Coronavirus prompts some restaurants to rethink communal tables
A handful of Boston restaurants are starting to reexamine their seating arrangements amid the global pandemic.

In 2014, communal dining seemed to reach a peak in the zeitgeist. Headlines declared the trend of dining with strangers “a ‘new’ kind of social dining,” “a developing experience,” and, whether you like it or not, a way to dine “alone together.”
But in the age of COVID-19, social dining is being reexamined.
On Tuesday, Jack’s Abby posted a message on its Instagram page that the brewery was suspending its community seating, which allows guests to sit wherever they want at communal tables in the taproom.
“Beginning immediately we are switching from our community seating model to a table seating model,” the post stated, among other extra precautions that include suspending tours and getting rid of silverware and menu caddies. “This will allow us to sanitize spaces more thoroughly between guests. The bar will remain open seating and staff will work to keep this area as sanitary as possible.”
Sam Hendler, co-owner of Jack’s Abby, said the decision was made Monday afternoon during the brewery’s monthly managers meeting.
“That’ll give us time to thoroughly clean and sanitize tables between parties,” Hendler told Boston.com, noting that managers will fill in as hosts. “Whereas at some of our higher volume times — obviously we make our best efforts to [sanitize], but sometimes a party will get up and literally three seconds later, another party will sit down and we’re reaching over shoulders and doing our best to clean.”
Demetri Tsolakis is a partner at Committee Ouzeri + Bar, a Greek restaurant in the Seaport with communal high tops in the dining room that have always been available to groups both large and small. Tsolakis shared that, at this time, the community tables will only be used for large parties.

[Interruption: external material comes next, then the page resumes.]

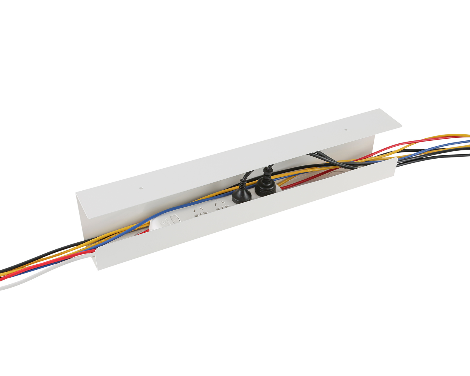 Cable channel for desks is a cable concealment solution from MaxMount that offers an effective way to hide cables under the desk. With its simple and open design, it enables a clean and organized work environment and is suitable for both home offices and gaming rooms.This cable channel is made of steel with a powder-coated surface that provides durability and aesthetics. It measures 600 mm long, 114 mm wide, and 76 mm high, offering plenty of space to manage power cables, network cables, and computer cables. Installation is simple with a screw fastening, making the setup smooth and secure. The cable channel is designed to fit both height-adjustable desks and conventional desks, increasing its usability.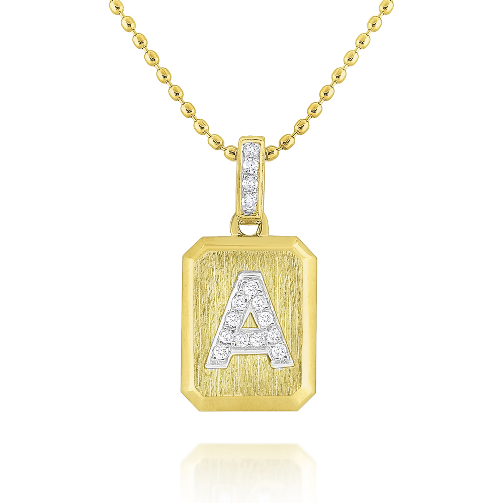 14K Gold and Diamond Ingot Initial A

Both Bondir Cambridge and The Gallows Group (Banyan Bar + Refuge, Blackbird Doughnuts, Sally’s Sandwiches, The Gallows) released statements on Instagram detailing the restaurants’ efforts to keep customers and employees safe, which include creating more physical distance among guests.
“To make the experience more comfortable and safer for our guests we have made more space in the dining room by removing a few tables to accommodate personal space,” reads one item from The Gallows Group, while Bondir stated it would be “eliminating two of our tables to give at least a meter of space between parties.”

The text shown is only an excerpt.